═════ PROVIDED RECORDS ═════

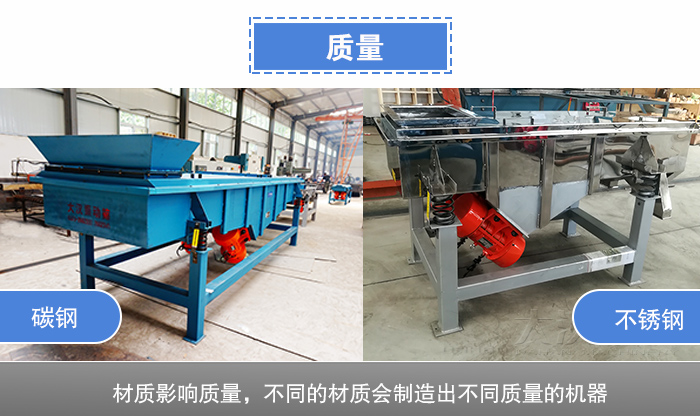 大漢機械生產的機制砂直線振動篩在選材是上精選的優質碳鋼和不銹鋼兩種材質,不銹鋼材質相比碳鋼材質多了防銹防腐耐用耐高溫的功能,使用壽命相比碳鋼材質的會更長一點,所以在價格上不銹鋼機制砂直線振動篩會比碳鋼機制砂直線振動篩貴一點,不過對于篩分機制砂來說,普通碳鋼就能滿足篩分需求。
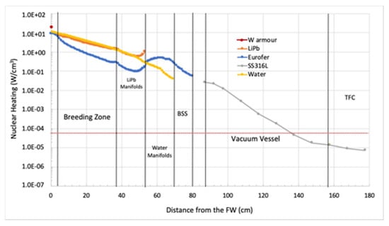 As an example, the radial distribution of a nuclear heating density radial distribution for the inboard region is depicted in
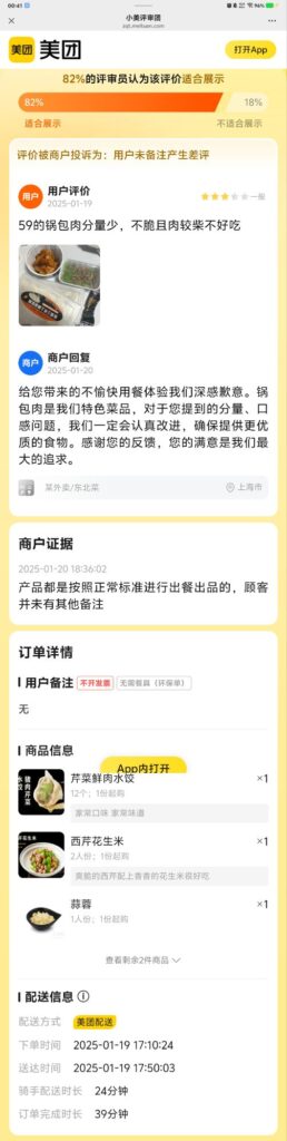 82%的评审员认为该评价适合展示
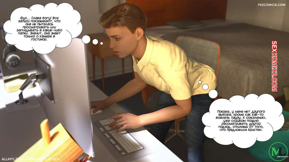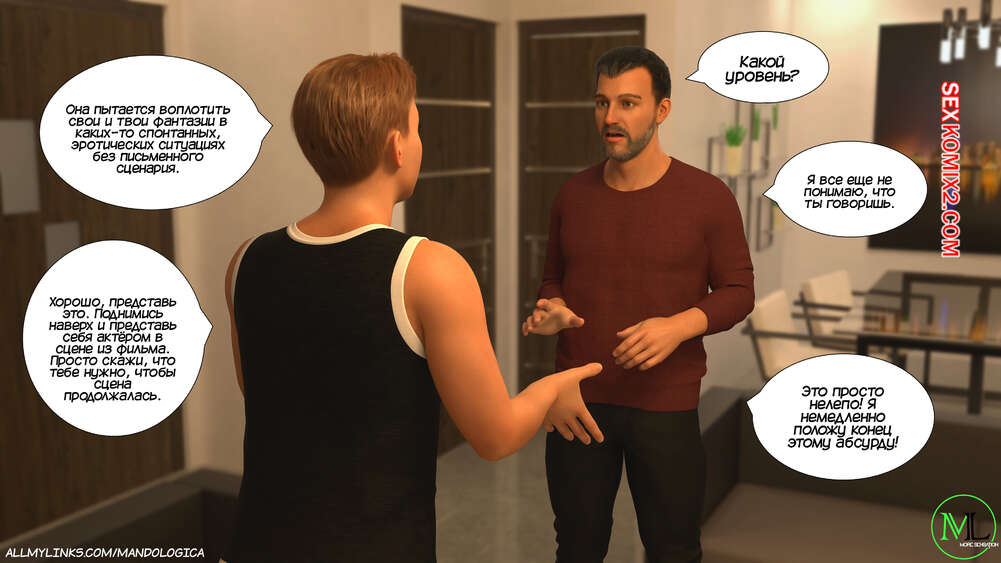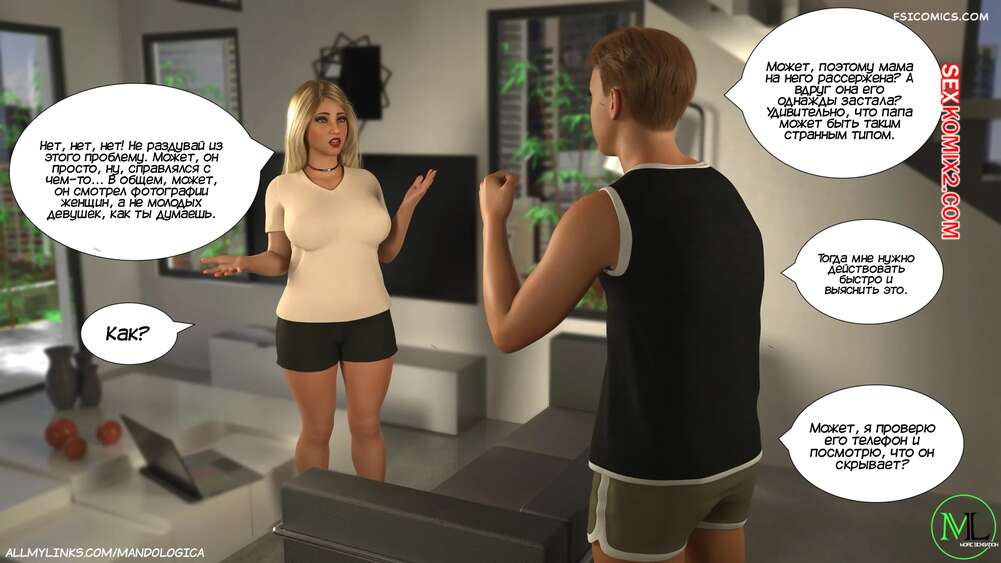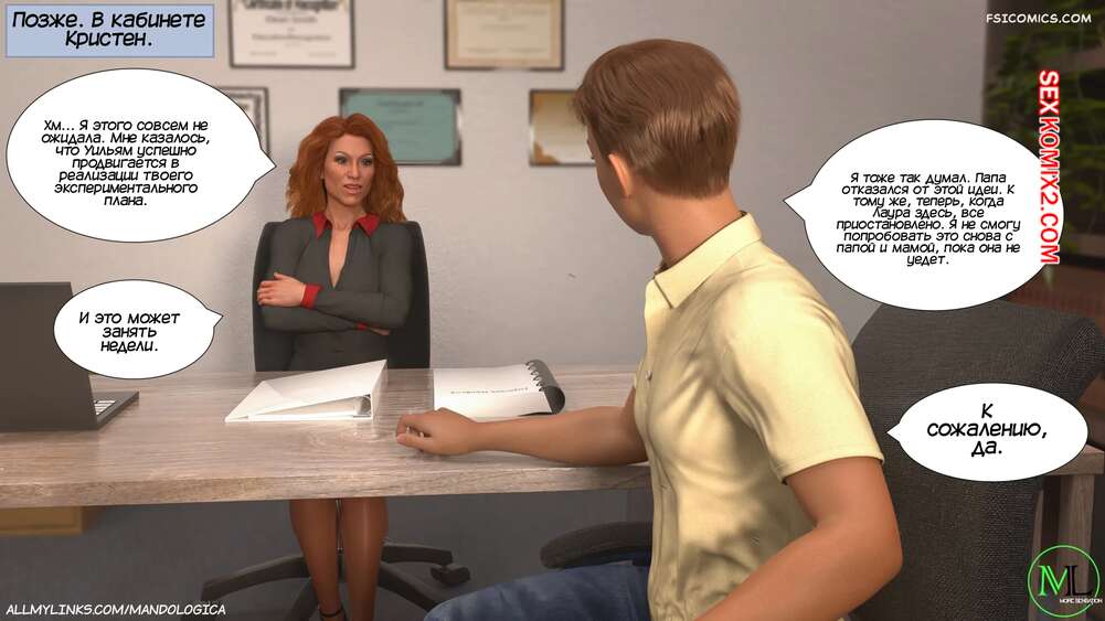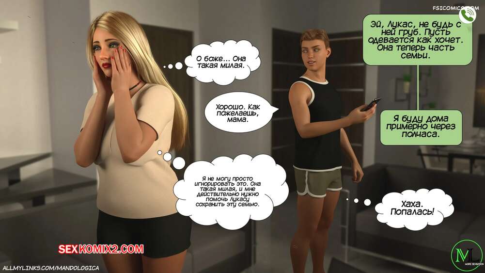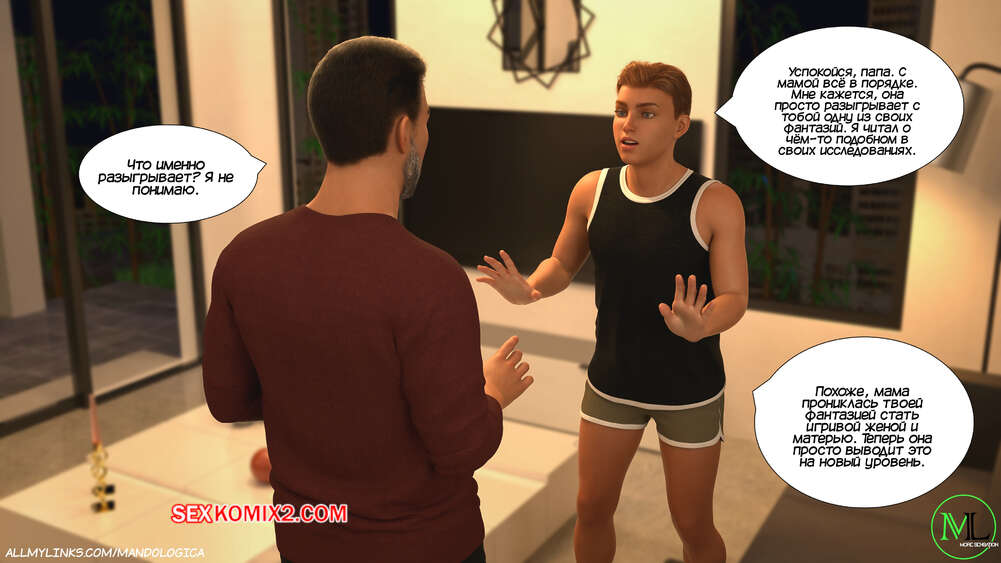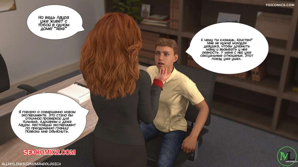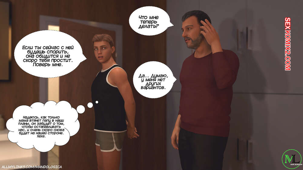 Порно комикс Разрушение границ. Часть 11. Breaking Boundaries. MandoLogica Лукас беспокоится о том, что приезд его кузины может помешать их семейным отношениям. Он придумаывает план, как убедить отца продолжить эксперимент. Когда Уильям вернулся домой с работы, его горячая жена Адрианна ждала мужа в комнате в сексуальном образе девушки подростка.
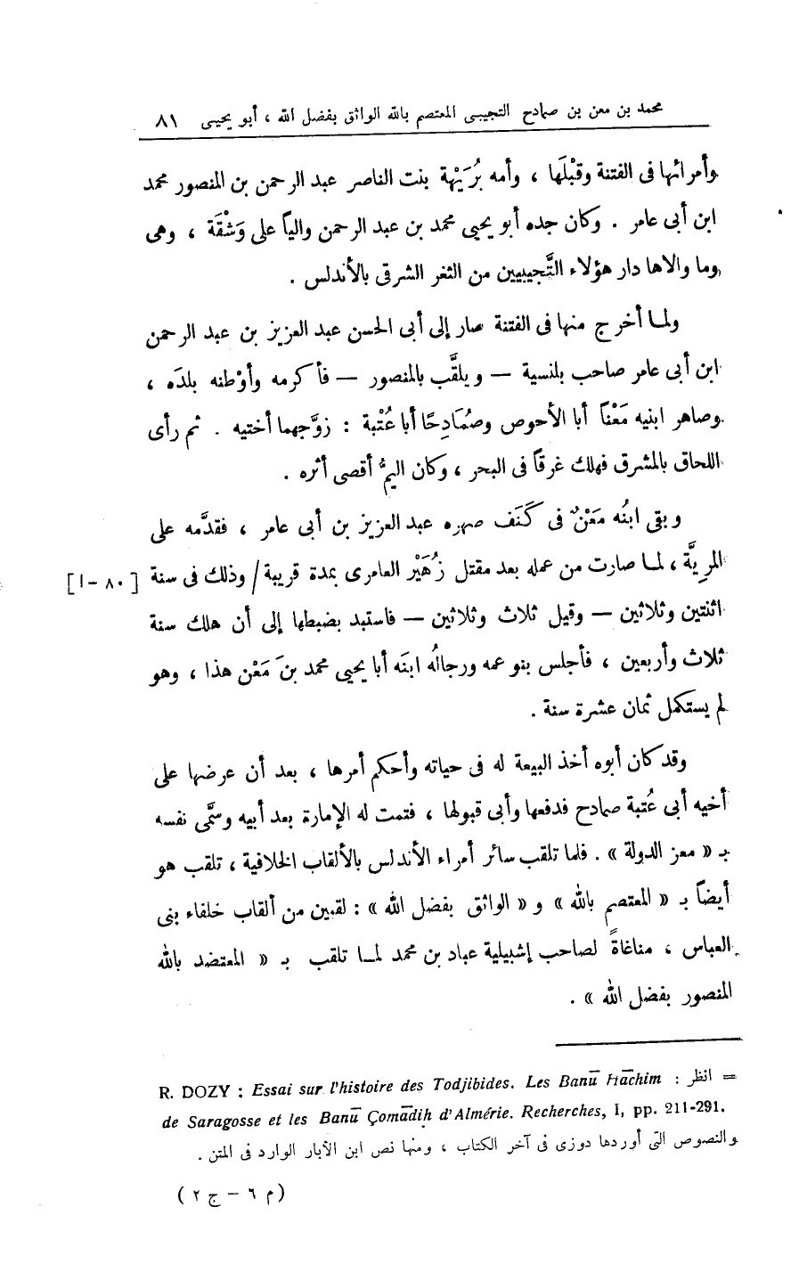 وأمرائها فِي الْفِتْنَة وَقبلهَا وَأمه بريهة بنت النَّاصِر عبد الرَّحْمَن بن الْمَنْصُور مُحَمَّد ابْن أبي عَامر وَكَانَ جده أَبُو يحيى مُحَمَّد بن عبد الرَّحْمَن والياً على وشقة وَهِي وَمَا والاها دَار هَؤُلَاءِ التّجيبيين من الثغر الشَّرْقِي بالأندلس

═════

Omit the pictures, then give all the lines above again exactly.

*ANSWER TO THE PROBLEM:*
 大漢機械生產的機制砂直線振動篩在選材是上精選的優質碳鋼和不銹鋼兩種材質,不銹鋼材質相比碳鋼材質多了防銹防腐耐用耐高溫的功能,使用壽命相比碳鋼材質的會更長一點,所以在價格上不銹鋼機制砂直線振動篩會比碳鋼機制砂直線振動篩貴一點,不過對于篩分機制砂來說,普通碳鋼就能滿足篩分需求。
 As an example, the radial distribution of a nuclear heating density radial distribution for the inboard region is depicted in
 82%的评审员认为该评价适合展示
 Порно комикс Разрушение границ. Часть 11. Breaking Boundaries. MandoLogica Лукас беспокоится о том, что приезд его кузины может помешать их семейным отношениям. Он придумаывает план, как убедить отца продолжить эксперимент. Когда Уильям вернулся домой с работы, его горячая жена Адрианна ждала мужа в комнате в сексуальном образе девушки подростка.
 وأمرائها فِي الْفِتْنَة وَقبلهَا وَأمه بريهة بنت النَّاصِر عبد الرَّحْمَن بن الْمَنْصُور مُحَمَّد ابْن أبي عَامر وَكَانَ جده أَبُو يحيى مُحَمَّد بن عبد الرَّحْمَن والياً على وشقة وَهِي وَمَا والاها دَار هَؤُلَاءِ التّجيبيين من الثغر الشَّرْقِي بالأندلس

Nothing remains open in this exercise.